# [Work request]
Could you transcribe exactly the lines below, from the line with "Lunedì 15 aprile, alle" through the line with "Скетчбук без линовки", and nothing else, leaving out the pictures?

# [Data for processing]
========================

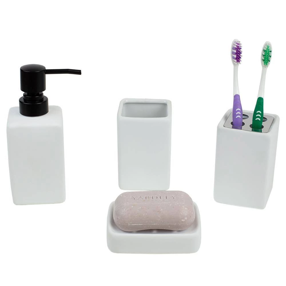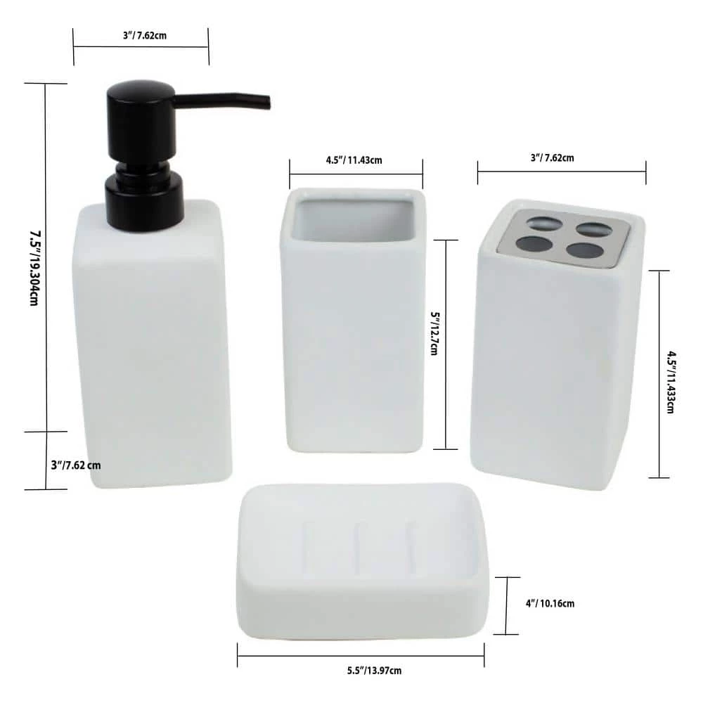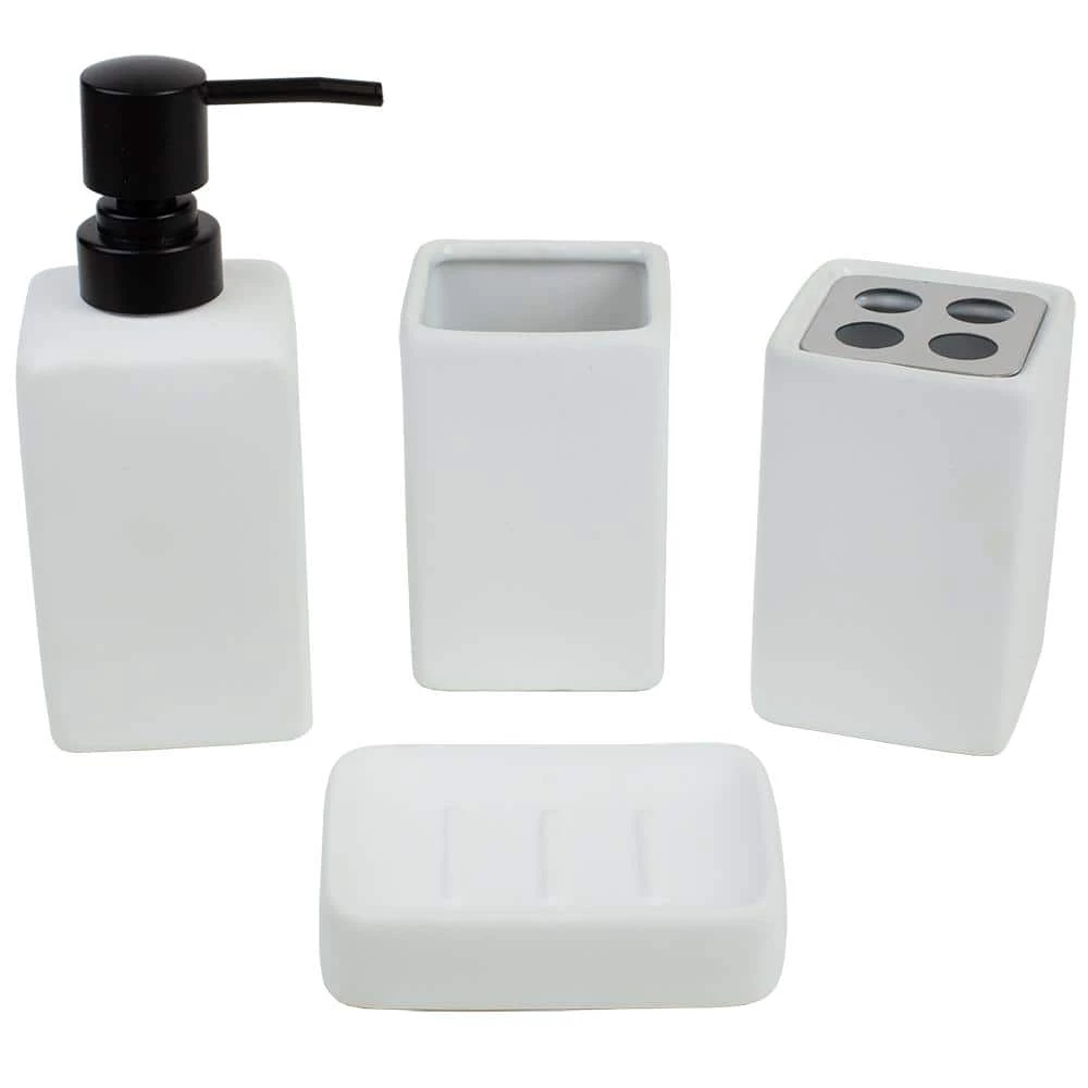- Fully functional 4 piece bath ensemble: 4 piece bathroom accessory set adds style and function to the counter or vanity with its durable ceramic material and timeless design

========================

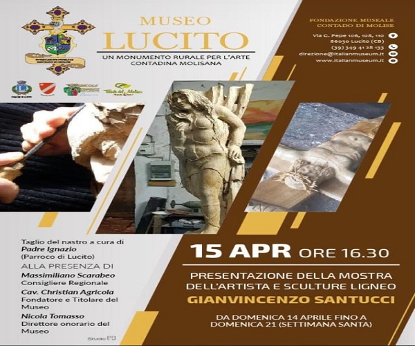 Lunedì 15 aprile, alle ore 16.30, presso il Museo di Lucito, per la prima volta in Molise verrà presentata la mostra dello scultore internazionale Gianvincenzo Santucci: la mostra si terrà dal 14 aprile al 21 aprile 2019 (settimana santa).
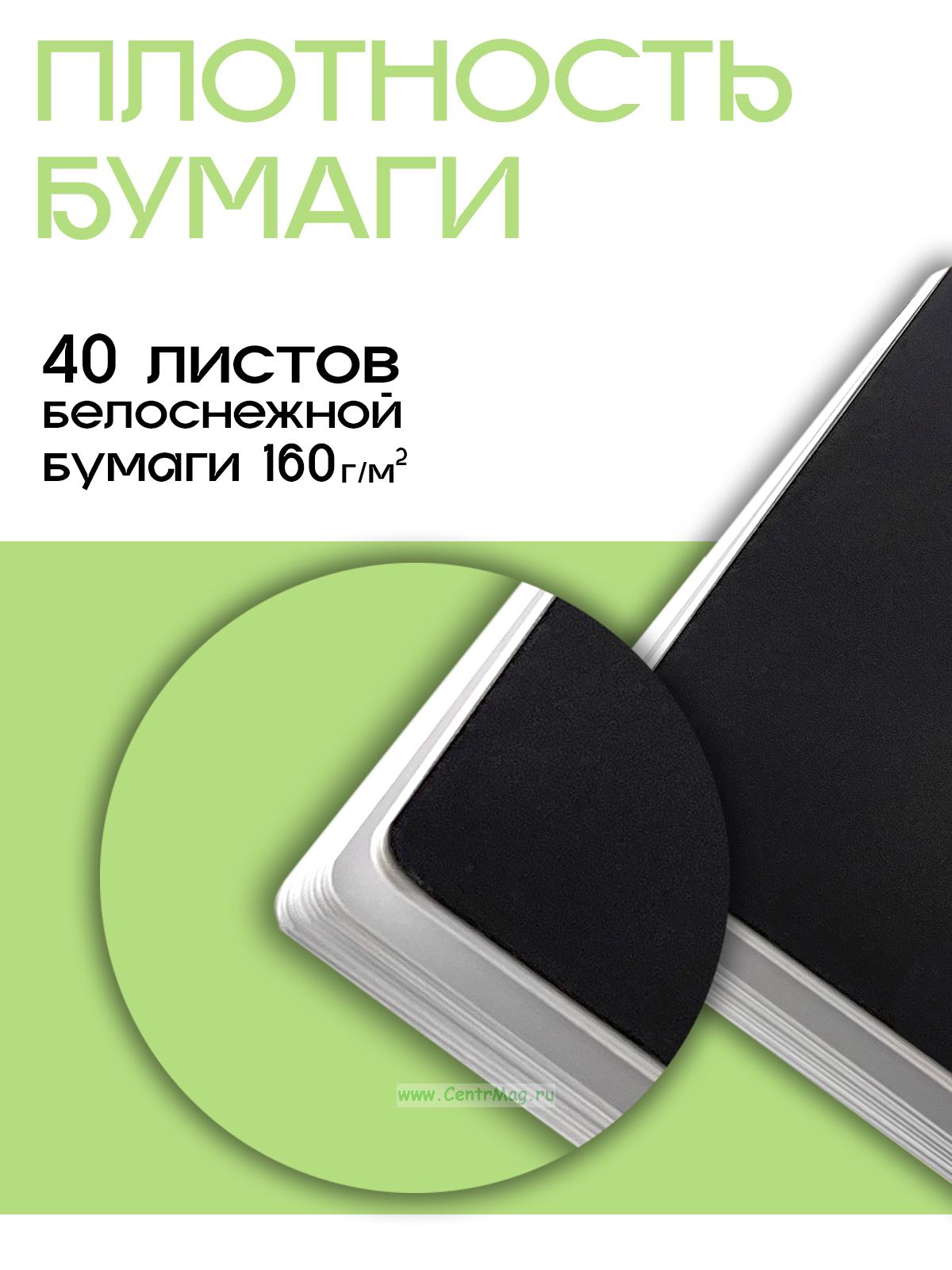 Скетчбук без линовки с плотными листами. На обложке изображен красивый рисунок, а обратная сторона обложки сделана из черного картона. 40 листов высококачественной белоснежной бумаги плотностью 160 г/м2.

========================

# [The answer]
 Lunedì 15 aprile, alle ore 16.30, presso il Museo di Lucito, per la prima volta in Molise verrà presentata la mostra dello scultore internazionale Gianvincenzo Santucci: la mostra si terrà dal 14 aprile al 21 aprile 2019 (settimana santa).
 Скетчбук без линовки с плотными листами. На обложке изображен красивый рисунок, а обратная сторона обложки сделана из черного картона. 40 листов высококачественной белоснежной бумаги плотностью 160 г/м2.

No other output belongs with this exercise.